From: Damien Le Moal <Damien.LeMoal@wdc.com>
To: "Javier González" <javier@javigon.com>
Cc: "linux-nvme@lists.infradead.org" <linux-nvme@lists.infradead.org>,
"linux-block@vger.kernel.org" <linux-block@vger.kernel.org>,
"hch@lst.de" <hch@lst.de>,
"kbusch@kernel.org" <kbusch@kernel.org>,
"sagi@grimberg.me" <sagi@grimberg.me>,
"axboe@kernel.dk" <axboe@kernel.dk>,
SelvaKumar S <selvakuma.s1@samsung.com>,
Kanchan Joshi <joshi.k@samsung.com>,
Nitesh Shetty <nj.shetty@samsung.com>
Subject: Re: [PATCH 2/6] block: add support for selecting all zones
Date: Fri, 26 Jun 2020 07:06:34 +0000 [thread overview]
Message-ID: <CY4PR04MB3751CD082BC0F77A5284EC34E7930@CY4PR04MB3751.namprd04.prod.outlook.com> (raw)
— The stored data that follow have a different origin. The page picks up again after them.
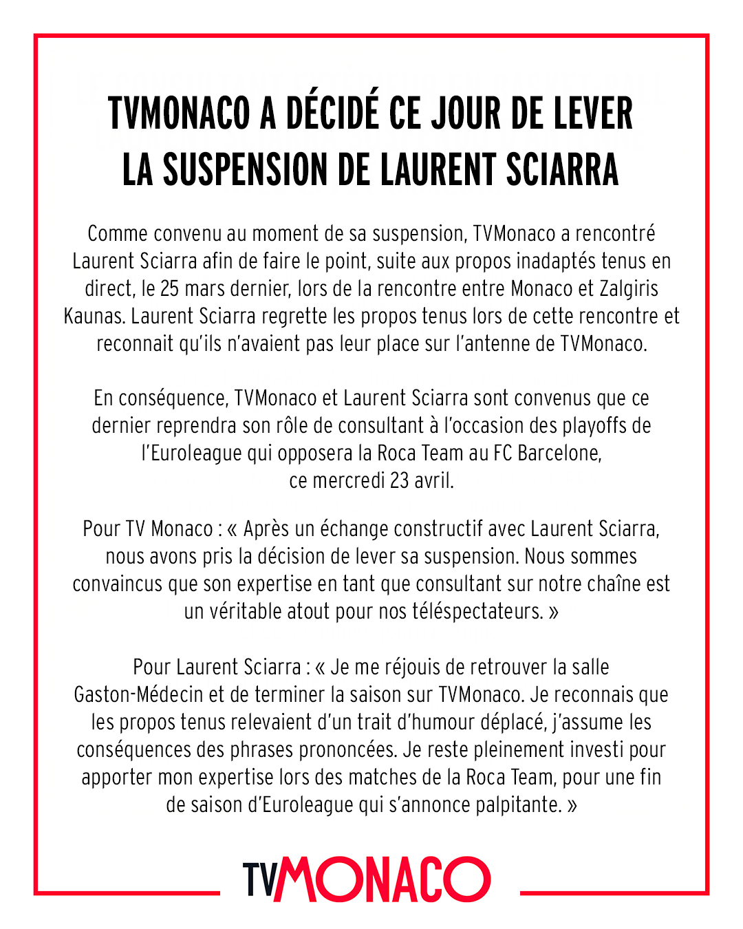 Dans un communiqué, TV Monaco indique que Laurent Sciarra regrette ses propos et qu'il sera de nouveau son consultant pour le match de ce mercredi soir face au FC Barcelone.
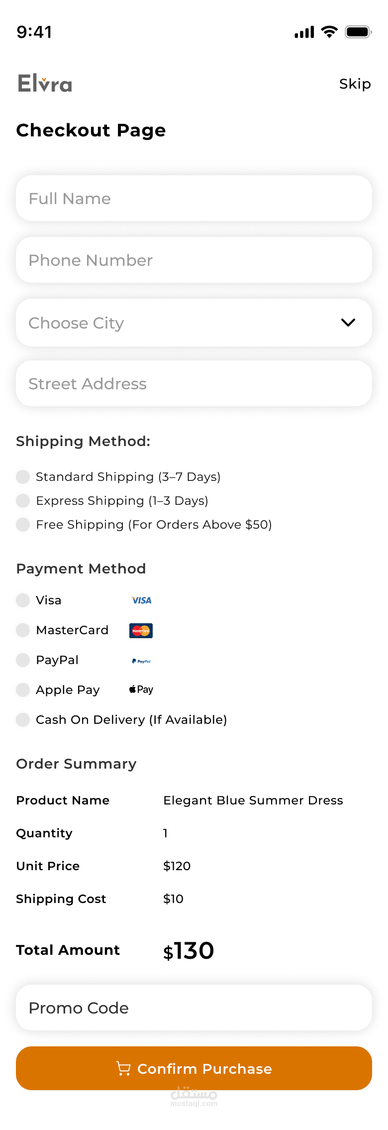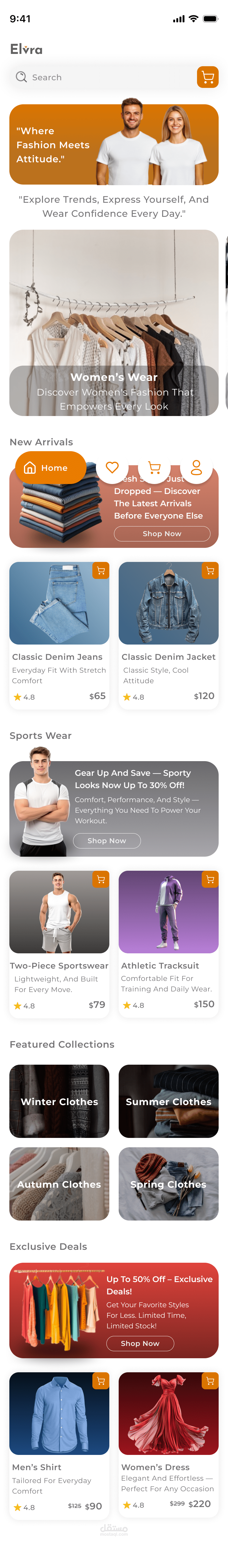 Elvra – Fashion E‑Commerce App هو مشروع تصميم واجهة مستخدم وتجربة استخدام (UI/UX) لتطبيق تسوّق أزياء. الهدف من المشروع كان إعادة تصميم تجربة التسوّق التقليدية وتحويلها إلى واجهة حديثة، جذّابة، وسهلة الاستخدام تتيح للمستخدمين تصفح وشراء الملابس والأزياء بكل سلاسة.
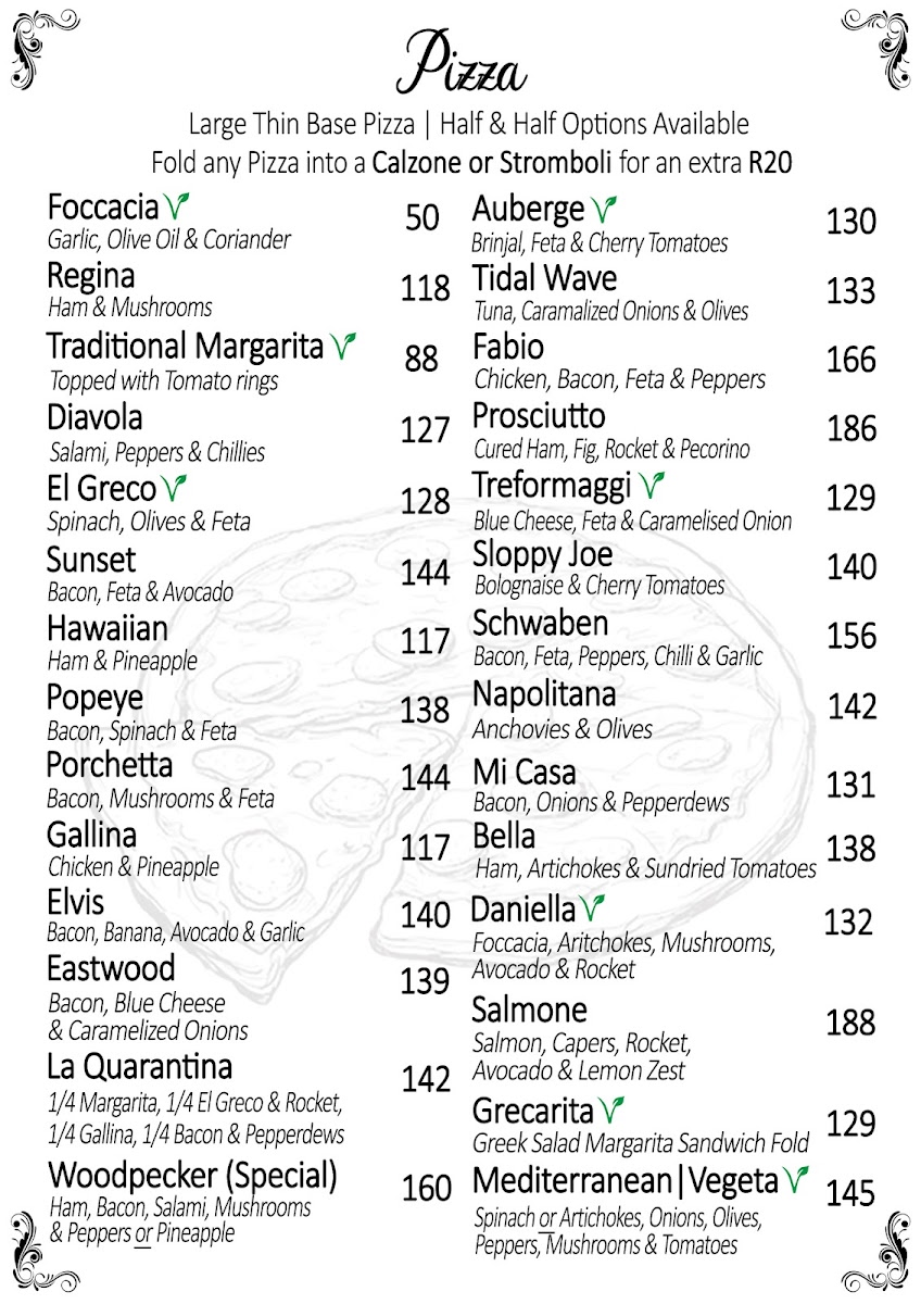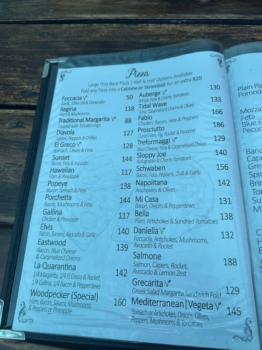 If you're in Swellendam and craving delicious, fresh pizzas with a twist, look no further than Woodpecker Pizzadeli Menu. Located at 270 Voortrek St, this cozy gem offers a delightful variety of handcrafted pizzas, each packed with rich flavors and topped with the finest ingredients. Whether you're in the mood for a classic Margherita or a more adventurous combination, you'll find something that hits the spot. The menu also includes mouthwatering deli options, from light bites to hearty meals, ensuring there's something for everyone. Perfect for a casual lunch or a relaxed dinner, the inviting atmosphere makes it a great place to unwind with friends or family.

In-Reply-To: 20200626065241.u4fd3m7624kdsonw@mpHalley.localdomain
On 2020/06/26 15:52, Javier González wrote:
> On 26.06.2020 06:35, Damien Le Moal wrote:
>> On 2020/06/26 14:58, Javier González wrote:
>>> On 26.06.2020 01:27, Damien Le Moal wrote:
>>>> On 2020/06/25 21:22, Javier González wrote:
>>>>> From: Javier González <javier.gonz@samsung.com>
>>>>>
>>>>> Add flag to allow selecting all zones on a single zone management
>>>>> operation
>>>>>
>>>>> Signed-off-by: Javier González <javier.gonz@samsung.com>
>>>>> Signed-off-by: SelvaKumar S <selvakuma.s1@samsung.com>
>>>>> Signed-off-by: Kanchan Joshi <joshi.k@samsung.com>
>>>>> Signed-off-by: Nitesh Shetty <nj.shetty@samsung.com>
>>>>> ---
>>>>> block/blk-zoned.c | 3 +++
>>>>> include/linux/blk_types.h | 3 ++-
>>>>> include/uapi/linux/blkzoned.h | 9 +++++++++
>>>>> 3 files changed, 14 insertions(+), 1 deletion(-)
>>>>>
>>>>> diff --git a/block/blk-zoned.c b/block/blk-zoned.c
>>>>> index e87c60004dc5..29194388a1bb 100644
>>>>> --- a/block/blk-zoned.c
>>>>> +++ b/block/blk-zoned.c
>>>>> @@ -420,6 +420,9 @@ int blkdev_zone_mgmt_ioctl(struct block_device *bdev, fmode_t mode,
>>>>> return -ENOTTY;
>>>>> }
>>>>>
>>>>> + if (zmgmt.flags & BLK_ZONE_SELECT_ALL)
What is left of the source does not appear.